◆ Assigned task ◆
All lines from the one containing "СВОЙСТВА КОДА.1. Триплетность – 4 =64." through the end of the material below are to be printed exactly, both ends included, minus pictures.

◆ Excerpted data ◆
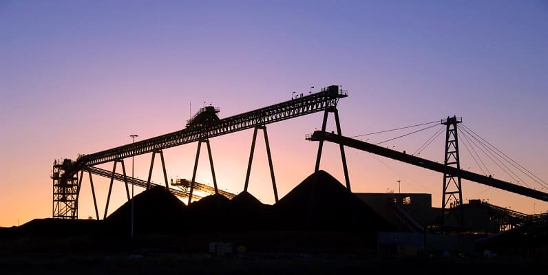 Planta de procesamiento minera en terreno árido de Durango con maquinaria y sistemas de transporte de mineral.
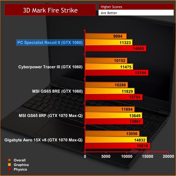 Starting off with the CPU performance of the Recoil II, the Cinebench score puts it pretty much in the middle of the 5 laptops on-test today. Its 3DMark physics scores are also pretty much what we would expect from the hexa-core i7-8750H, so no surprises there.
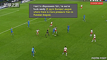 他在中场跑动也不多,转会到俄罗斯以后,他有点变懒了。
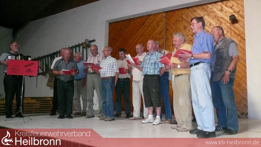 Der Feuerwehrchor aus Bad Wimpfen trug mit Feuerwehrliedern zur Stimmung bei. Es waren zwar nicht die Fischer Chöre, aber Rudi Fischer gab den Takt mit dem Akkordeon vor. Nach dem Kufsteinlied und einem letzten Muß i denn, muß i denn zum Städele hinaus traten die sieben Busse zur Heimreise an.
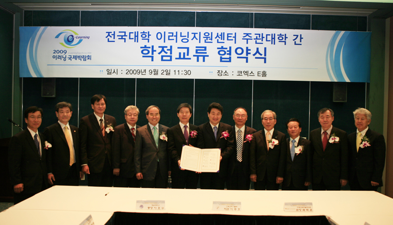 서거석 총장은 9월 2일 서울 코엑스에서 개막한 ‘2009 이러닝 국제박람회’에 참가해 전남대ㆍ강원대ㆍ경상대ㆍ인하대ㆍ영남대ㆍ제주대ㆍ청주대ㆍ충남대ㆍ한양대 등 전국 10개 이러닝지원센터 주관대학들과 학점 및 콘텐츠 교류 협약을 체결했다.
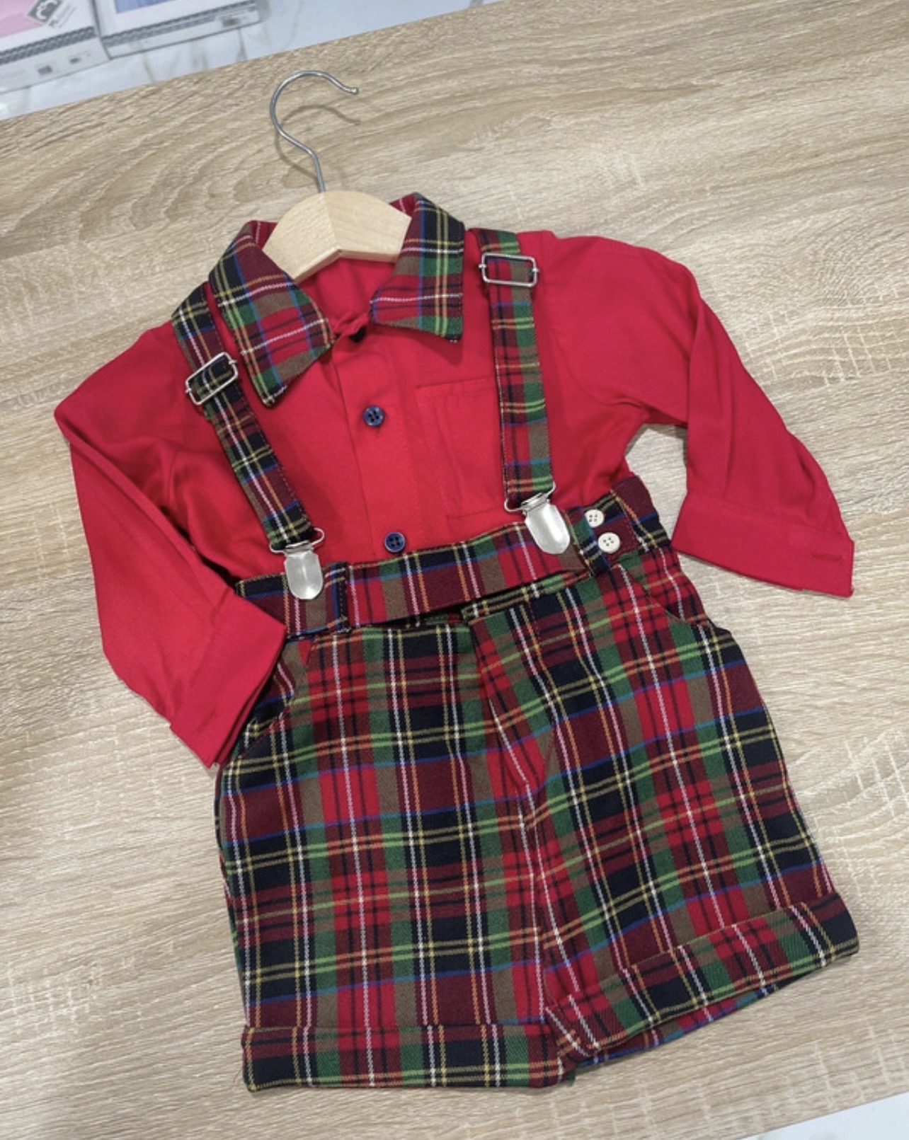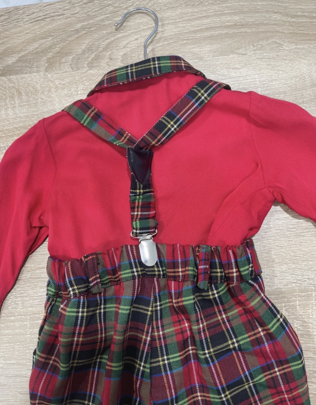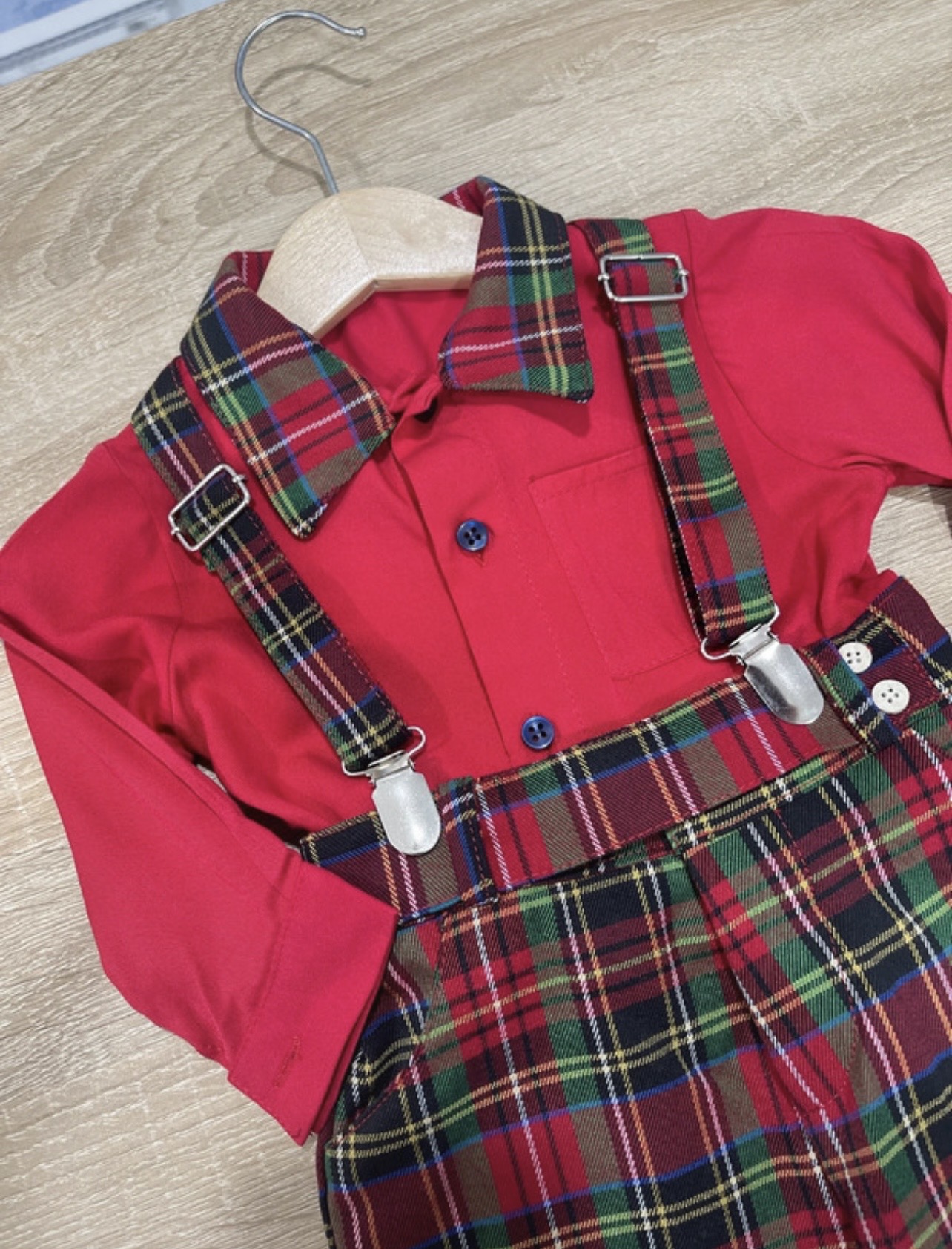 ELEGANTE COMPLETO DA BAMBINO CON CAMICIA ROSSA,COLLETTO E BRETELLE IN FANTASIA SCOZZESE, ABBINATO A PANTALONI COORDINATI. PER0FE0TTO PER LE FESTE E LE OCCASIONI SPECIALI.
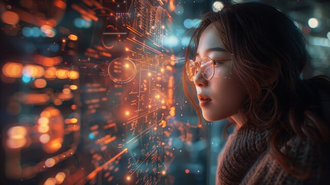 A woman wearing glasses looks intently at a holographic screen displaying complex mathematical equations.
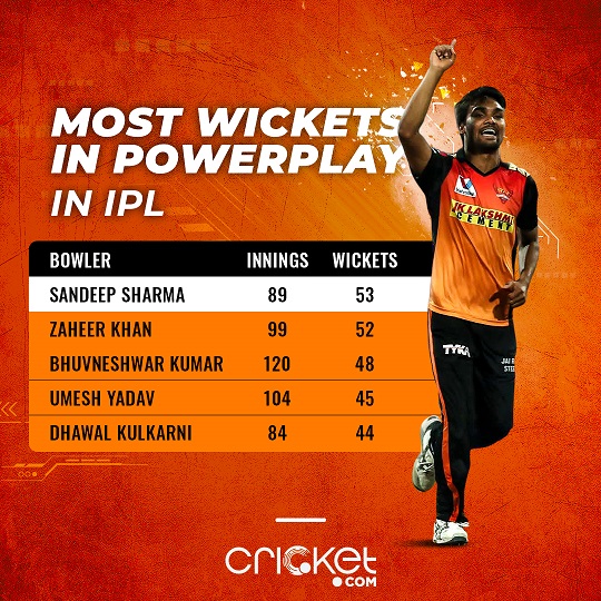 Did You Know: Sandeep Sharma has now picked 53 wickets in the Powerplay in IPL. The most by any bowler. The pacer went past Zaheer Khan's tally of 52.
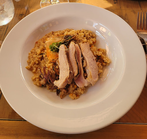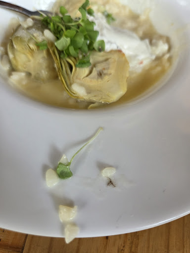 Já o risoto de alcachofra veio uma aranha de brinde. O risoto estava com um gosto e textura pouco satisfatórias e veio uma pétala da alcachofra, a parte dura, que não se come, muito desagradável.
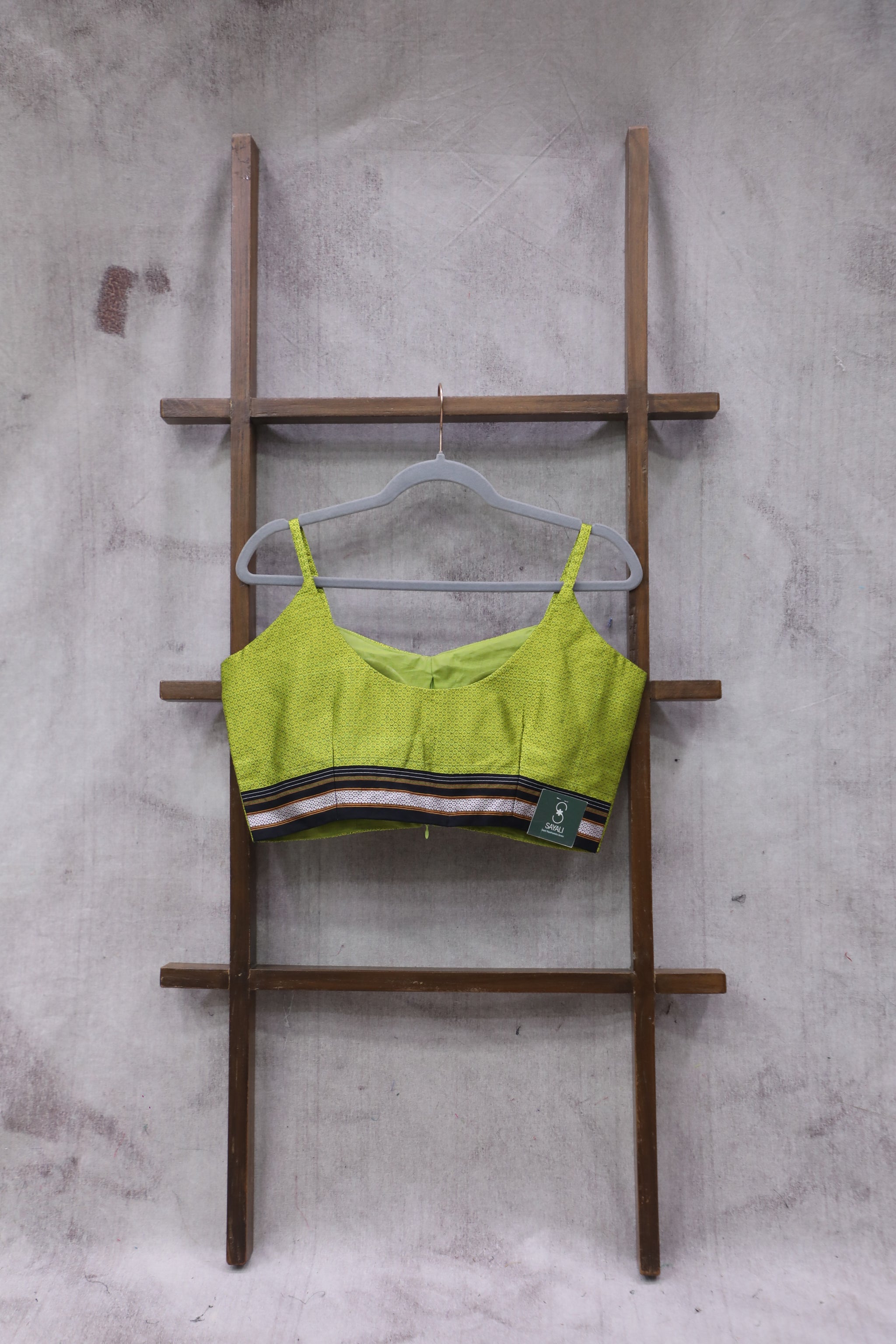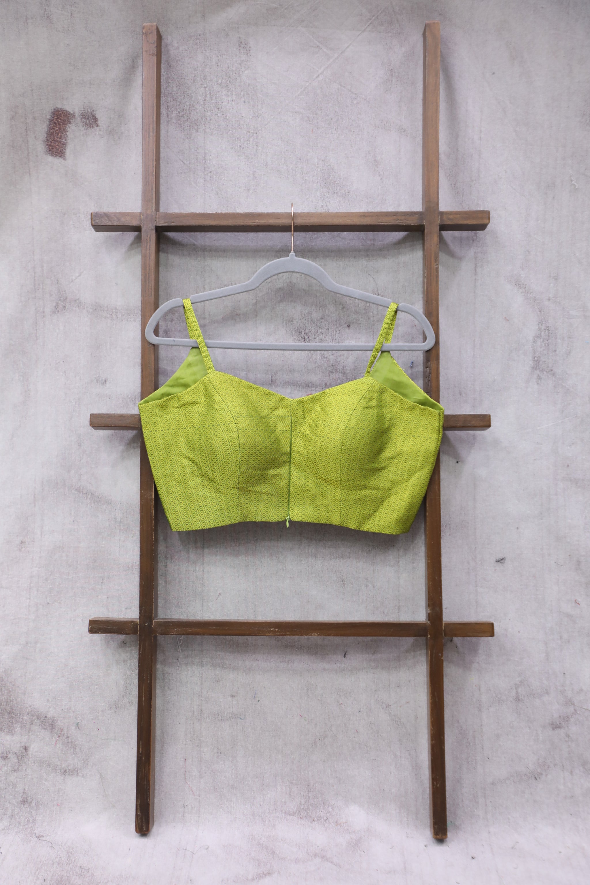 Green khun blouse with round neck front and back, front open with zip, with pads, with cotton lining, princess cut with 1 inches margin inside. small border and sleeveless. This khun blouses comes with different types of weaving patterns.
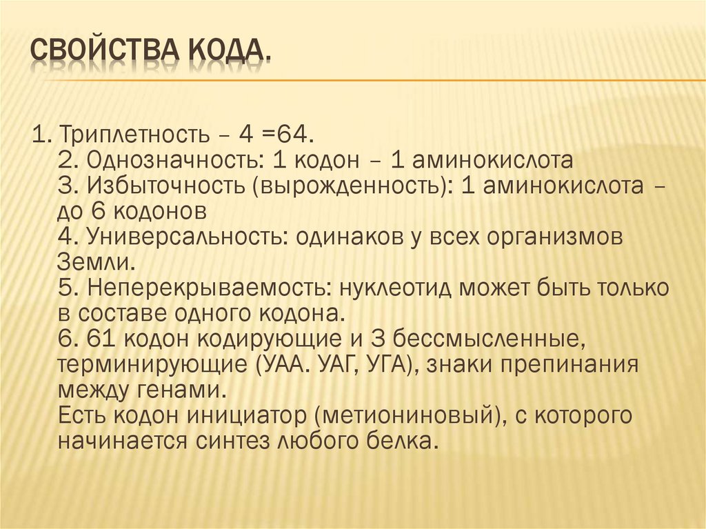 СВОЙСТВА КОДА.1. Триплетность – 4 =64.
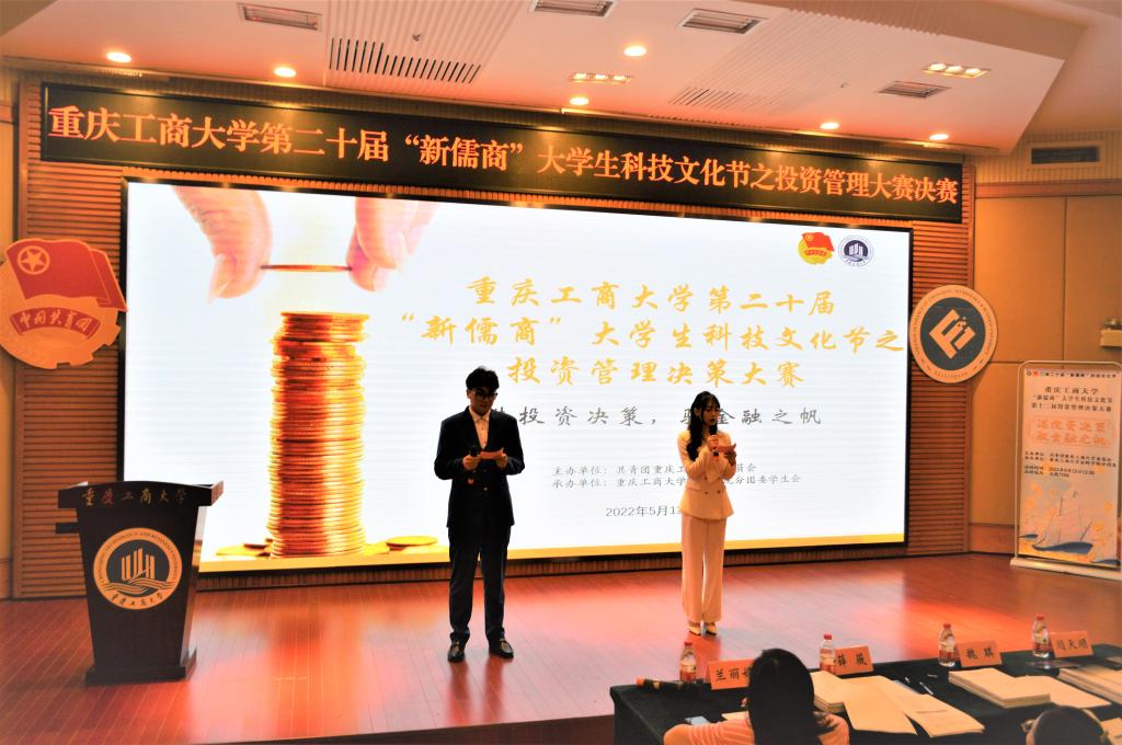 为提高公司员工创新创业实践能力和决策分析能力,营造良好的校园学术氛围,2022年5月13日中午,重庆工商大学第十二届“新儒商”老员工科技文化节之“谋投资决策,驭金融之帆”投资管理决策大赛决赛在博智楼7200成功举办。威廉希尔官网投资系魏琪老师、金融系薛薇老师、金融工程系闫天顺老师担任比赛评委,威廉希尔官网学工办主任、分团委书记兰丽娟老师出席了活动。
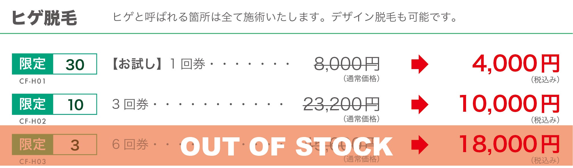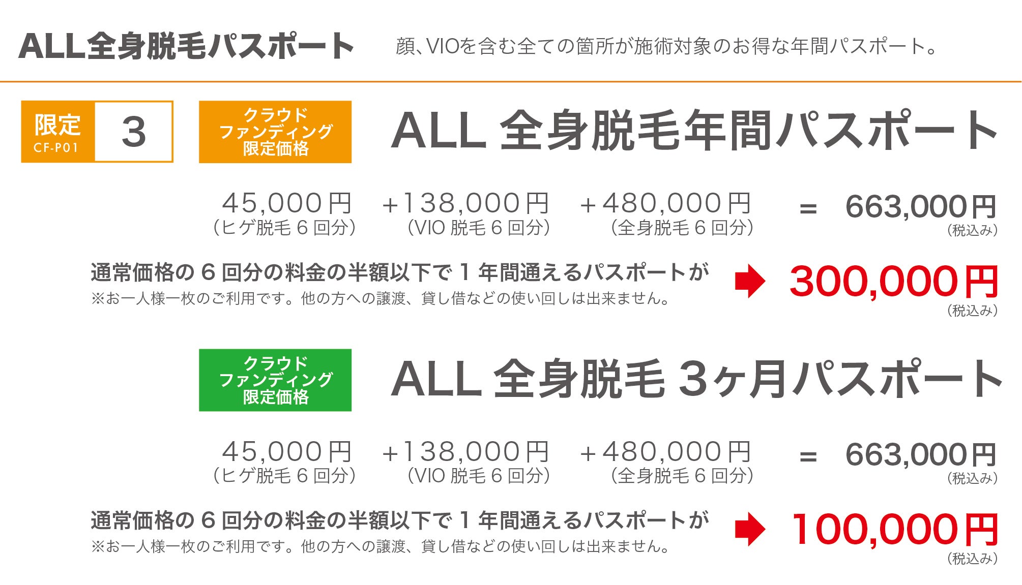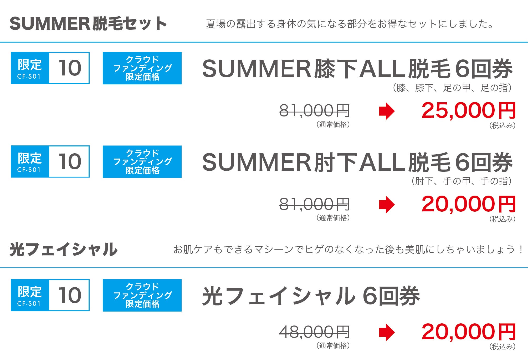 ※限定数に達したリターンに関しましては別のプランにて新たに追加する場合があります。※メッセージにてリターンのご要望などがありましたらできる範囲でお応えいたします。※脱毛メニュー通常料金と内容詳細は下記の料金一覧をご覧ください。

◆ Reply to the task ◆
 СВОЙСТВА КОДА.1. Триплетность – 4 =64.
 为提高公司员工创新创业实践能力和决策分析能力,营造良好的校园学术氛围,2022年5月13日中午,重庆工商大学第十二届“新儒商”老员工科技文化节之“谋投资决策,驭金融之帆”投资管理决策大赛决赛在博智楼7200成功举办。威廉希尔官网投资系魏琪老师、金融系薛薇老师、金融工程系闫天顺老师担任比赛评委,威廉希尔官网学工办主任、分团委书记兰丽娟老师出席了活动。
 ※限定数に達したリターンに関しましては別のプランにて新たに追加する場合があります。※メッセージにてリターンのご要望などがありましたらできる範囲でお応えいたします。※脱毛メニュー通常料金と内容詳細は下記の料金一覧をご覧ください。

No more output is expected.